Performing this kind of analysis on such a large dataset would not be possible without a tool like Dask. On Nebari, Dask comes out-of-the-box ready to help you handle these larger-than-memory (out-of-core) datasets.

The Dask diagnostic UI

Dask comes with an inbuilt dashboard containing multiple plots and tables containing live information as the data gets processed. Let's understand the dashboard plots Task Stream and Progress. The colors and the interpretation would differ based on the computation we choose.

Each of the computation in split into multiple tasks for parallel execution. From the progress bar we see 4 distinct colors associated with different computation. Under task stream (a streaming plot) each row represents a thread and the small rectangles within are the individual tasks.

Check out the Dask Documentation for more information.

Dask diagnostic UI -  showing four parallel computation streams

Shutting down the cluster

As you you have noticed, you can spin up a lot of compute really quickly using Dask.

🔥warning

With great power comes great responsibility

Remember to shut down your cluster once you are done, otherwise this will be running in the background, and you might incur on unplanned costs. You can do this from your Jupyter notebook:

cluster.close(shutdown=True)

Step 5 - Viewing the dashboard inside of JupyterLab

The Dask-labextension provides a JupyterLab extension to manage Dask clusters, as well as embed Dask's dashboard plots directly into JupyterLab panes. Nebari includes this extension by default, elevating the overall developer experience.

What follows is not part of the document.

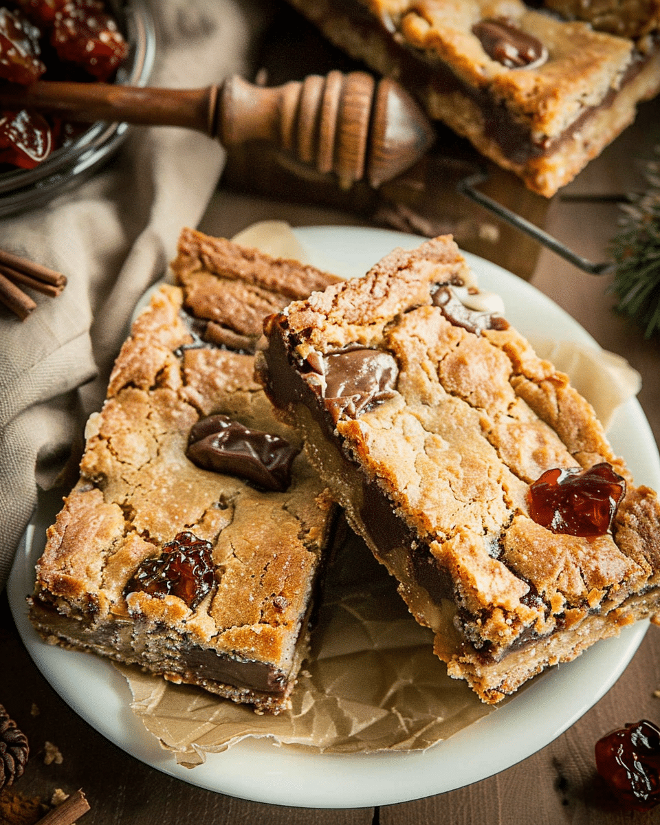 I bake the bars for 30–35 minutes until the edges are lightly golden and a toothpick inserted in the center comes out mostly clean (a little caramel on the toothpick is fine).

Dask-labextension UI In JupyterLab -  displays the demo notebook and a list of cluster settings

Step 6 - Using Dask safely

If you're anything like us, we've forgotten to shut down our cluster a time or two. Wrapping the dask-gateway tasks in a context manager is a great practice that ensures the cluster is fully shutdown once the task is complete!

Sample Dask context manager configuration

You can make use of a context manager to help you manager your clusters. It can be written once and included in your codebase. Here is a basic example to get you started (which can then be extended to suit your needs):

Sample Dask example using context manager
import os
import time
import dask.array as da
from contextlib import contextmanager

import dask
from distributed import Client
from dask_gateway import Gateway

@contextmanager
def dask_cluster(n_workers=2, worker_type="Small Worker", conda_env="filesystem/dask"):
try:
gateway = Gateway()
options = gateway.cluster_options()
options.conda_environment = conda_env
options.profile = worker_type
print(f"Gateway: {gateway}")
for key, value in options.items():
print(f"{key} : {value}")

cluster = gateway.new_cluster(options)
client = Client(cluster)
if os.getenv("JUPYTERHUB_SERVICE_PREFIX"):
print(cluster.dashboard_link)

cluster.scale(n_workers)
client.wait_for_workers(1)

yield client

finally:
cluster.close()
client.close()
del client
del cluster

Now you can write your compute tasks inside the context manager and all the setup and teardown will be managed for you:

with dask_cluster() as client:
x = da.random.random((10000, 10000), chunks=(1000, 1000))
y = x + x.T
z = y[::2, 5000:].mean(axis=1)
result = z.compute()
print(client.run(os.getpid))

Kudos, you should now have a working Dask cluster inside Nebari. Now go load up your own big data!